Además, se han identificado otros virus causantes de la hepatitis, que
dan lugar a otras formas de la enfermedad, denominadas hepatitis C, D y
E.
HEPATITIS A
La hepatitis A es una inflamación repentina del hígado, causada por el
virus A, también llamado virus de la hepatitis infecciosa. Este virus se
puede contagiar de persona a persona, y también por contaminación de
alimentos o agua con heces infectadas. Este es el único tipo de
hepatitis que puede afectar a los niños, si bien la gravedad de la
dolencia es mucho menor que la que afecta a los adultos.
SÍNTOMAS HEPATITIS A
En las fases iniciales de la infección se presentan síntomas muy
diversos, con frecuencia similares a los de la gripe, es decir, fiebre
elevada, cefaleas, dolores generalizados y debilidad. Pueden presentarse
náuseas, vómitos, diarrea, pérdida del apetito, pérdida del deseo de
fumar y dolor abdominal en el costado derecho. Se eliminan heces de
color claro y orina oscura. A veces pueden aparecer dolores articulares
y erupciones cutáneas. Transcurridos algunos días, todos estos síntomas
comienzan a desaparecer y aparece la ictericia. La piel, las mucosas
(como las de la boca, por ejemplo) y el blanco de los ojos se vuelven
amarillentos debido a que se produce un aumento del contenido de
bilirrubina en la sangre, puesto que el hígado inflamado no la elimina
hacia la vesícula biliar. Los síntomas desaparecen al cabo de dos o tres
semanas, pero el enfermo puede sentirse débil y cansado durante varios
meses.
Frecuencia
Las epidemias de hepatitis A son muy raras. También sucede que muchos
casos quedan sin diagnóstico porque si no aparece el síntoma de la
ictericia –hepatitis anictérica–, los enfermos confunden su dolencia con
una gripe u otra enfermedad banal y no se preocupan de visitar al
médico. En las zonas económicamente deprimidas del mundo este tipo de
hepatitis es muy común, y casi siempre se transmite a través de
alimentos y aguas contaminados, debido a las escasas o nulas condiciones
higiénicas.
HEPATITIS B
Aunque esta infección vírica presenta síntomas similares a los de la
hepatitis A, su transmisión es por vía parenteral. El virus de la
hepatitis B se contagia, por lo general, por contacto con sangre
infectada. Puede difundirse por el uso de agujas mal esterilizadas, ya
sean hipodérmicas, o las que se utilizan en acupuntura o en tatuajes.

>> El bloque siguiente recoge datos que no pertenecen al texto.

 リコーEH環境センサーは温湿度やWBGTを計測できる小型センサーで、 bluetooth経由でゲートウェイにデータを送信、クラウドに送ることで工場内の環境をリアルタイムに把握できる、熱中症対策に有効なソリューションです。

Del mismo modo, puede contagiarse por las navajas u hojas de afeitar,
por los cepillos dentales o por el uso de instrumental médico u
odontológico sin esterilizar. Afecta con frecuencia a los drogadictos
por vía intravenosa, por su hábito de compartir las jeringuillas. Cabe
tener en cuenta que el virus puede contagiar al feto a través de la
placenta de la madre.
Existen personas portadoras de la enfermedad que no manifiestan síntomas
y pueden transmitirla mediante una transfusión sanguínea. Son muy pocas
las personas portadoras de hepatitis B y muchas menos las que en
realidad la padecen. A ninguna persona que haya padecido esta enfermedad
se le permite donar sangre, a menos que sea un caso indispensable.

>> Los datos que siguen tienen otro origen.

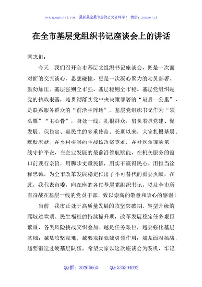 / 在全市基层党组织书记座谈会上的讲话
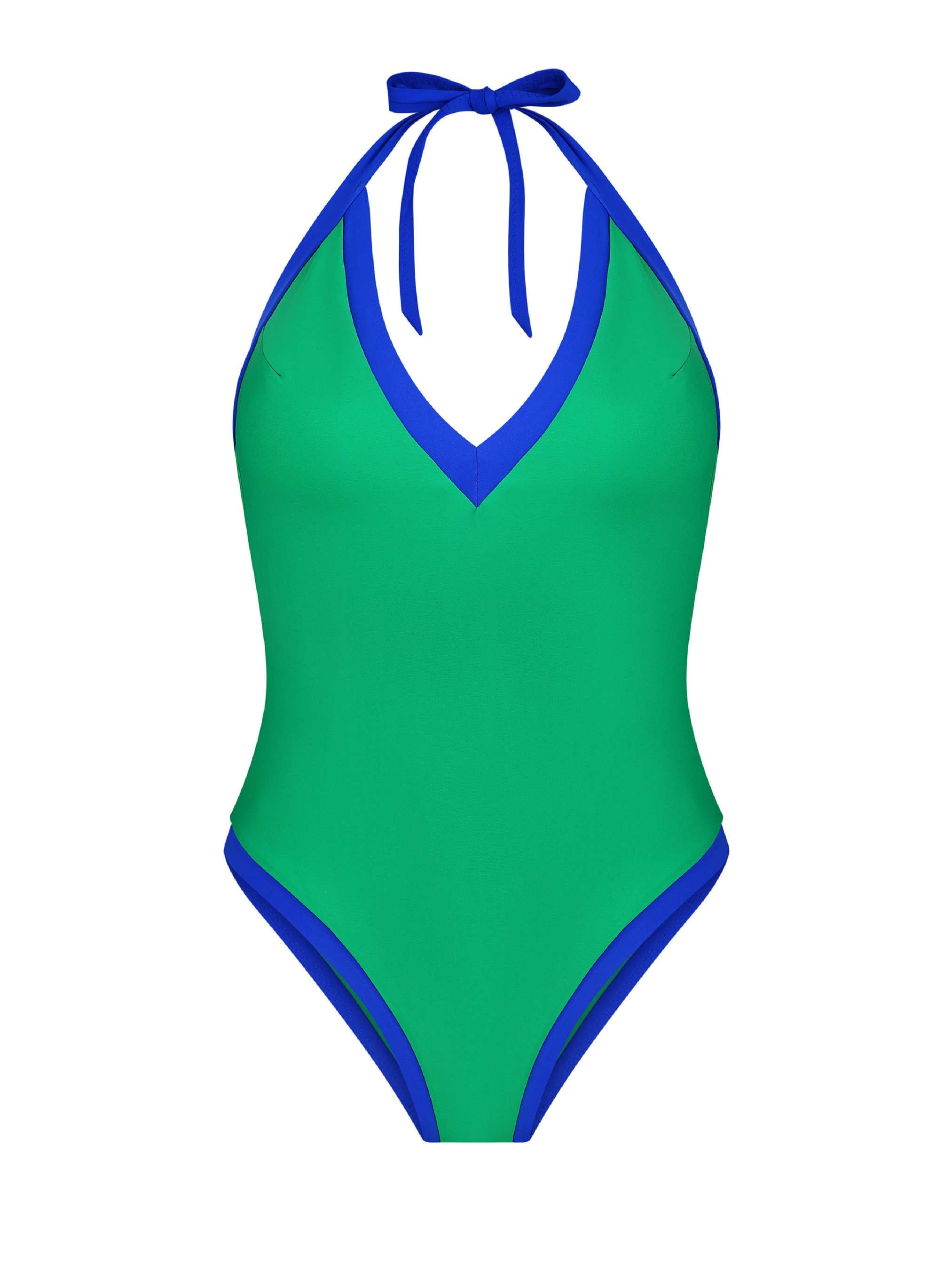 - Суцільний купальник без чашок та без каркасів; - Розрахований на зріст від 170 см до 180 см; - Купальник має нагрудні виточки з боків для кращої посадки; - Верхня частина купальника представлена у вигляді трикутного топу; - Чашка купальника переходить в широкі бретелі, які зав'язуються на шиї. Завдяки цьому, купальник можна відкоригувати по зросту; - Нижня частина купальника представлена у вигляді трусиків-сліпів з високими вирізами на стегнах, що візуально подовжують силует; - Нижні краї оброблені еластичною тасьмою, яка запобігатиме скручуванню полотна на тілі. Склад: - Основна тканина: 84% поліамід, 16% еластан; - Підкладка: 92% поліамід, 8% еластан.
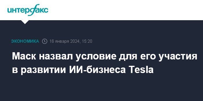 Москва. 16 января. INTERFAX.RU - Создатель производителя электромобилей Tesla Илон Маск не хочет развивать в компании направление искусственного интеллекта (ИИ) и робототехники без голосующей доли на уровне 25%. Он написал об этом в соцсети.
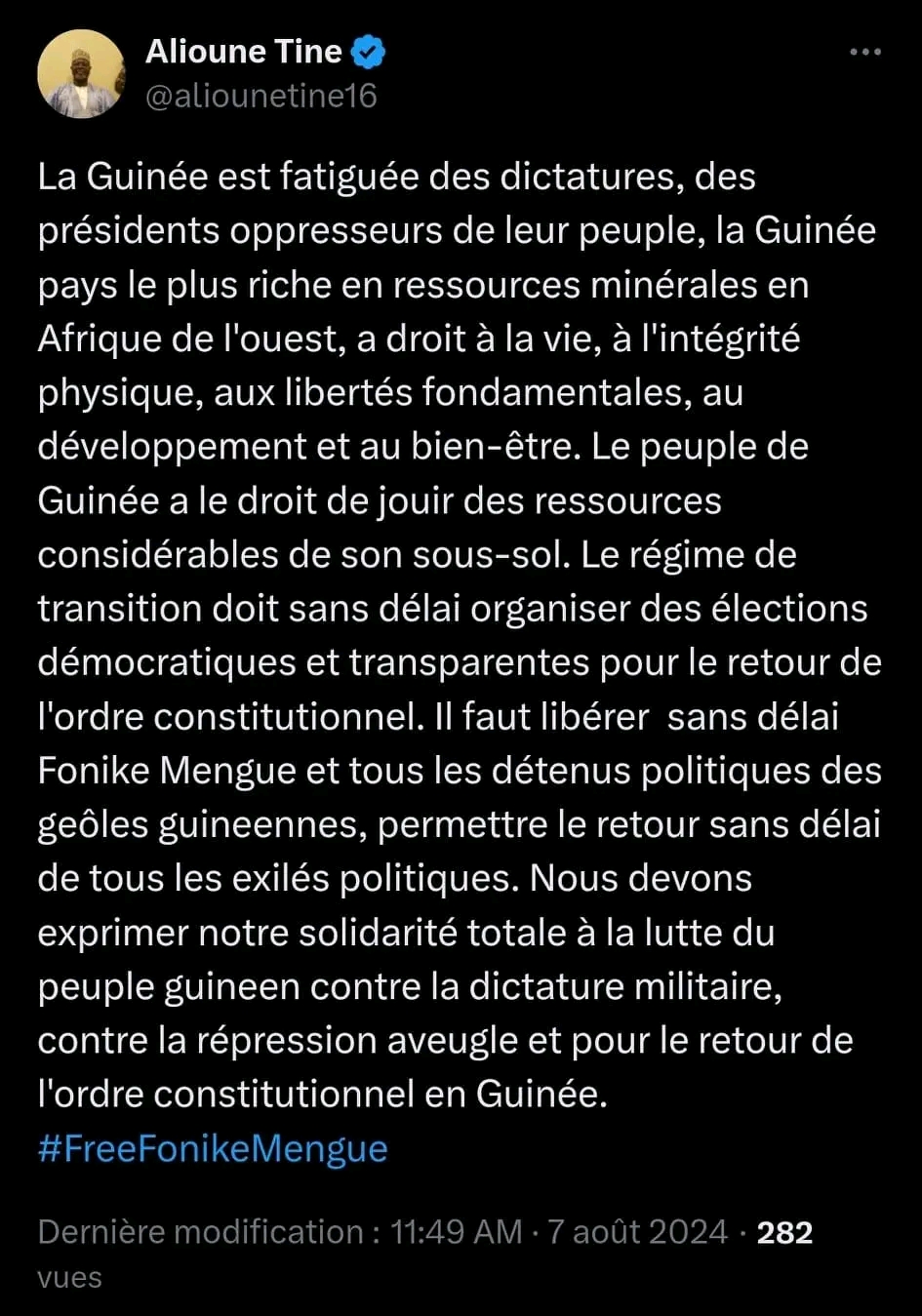 M. Tine a ajouté : « Il faut libérer sans délai Foniké Menguè et tous les détenus politiques des geôles guinéennes, permettre le retour sans délai de tous les exilés politiques. Nous devons exprimer notre solidarité totale à la lutte du peuple guinéen contre la dictature militaire, contre la répression aveugle et pour le retour de l’ordre constitutionnel en Guinée. #FreeFonikeMengue »

Asimismo, cabe señalar que la hepatitis B puede difundirse por contacto
sexual, ya que el portador puede tener el virus en la saliva, en el
fluido seminal o bien en las secreciones vaginales.
COMPLICACIONES HEPATITIS B
La mayor parte los enfermos de hepatitis B se recuperan sin secuelas.

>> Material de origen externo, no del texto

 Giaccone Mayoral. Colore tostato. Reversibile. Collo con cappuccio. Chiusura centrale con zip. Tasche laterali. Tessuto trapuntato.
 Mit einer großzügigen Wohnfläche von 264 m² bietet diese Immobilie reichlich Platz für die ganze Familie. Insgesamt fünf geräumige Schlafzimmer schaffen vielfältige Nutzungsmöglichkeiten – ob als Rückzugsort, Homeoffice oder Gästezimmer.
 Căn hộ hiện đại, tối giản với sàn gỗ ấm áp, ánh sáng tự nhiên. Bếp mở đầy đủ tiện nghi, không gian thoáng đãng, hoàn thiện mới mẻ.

Sin embargo, existen casos en los que el paciente puede morir debido a
que la enfermedad sigue una evolución fulminante. En una pequeña
proporción de casos, la enfermedad adquiere una forma crónica, o puede
derivar en una cirrosis hepática. Una vez superada la enfermedad, el
médico aconsejará efectuar análisis de sangre a intervalos regulares,
con el fin de controlar la posible presencia de complicaciones.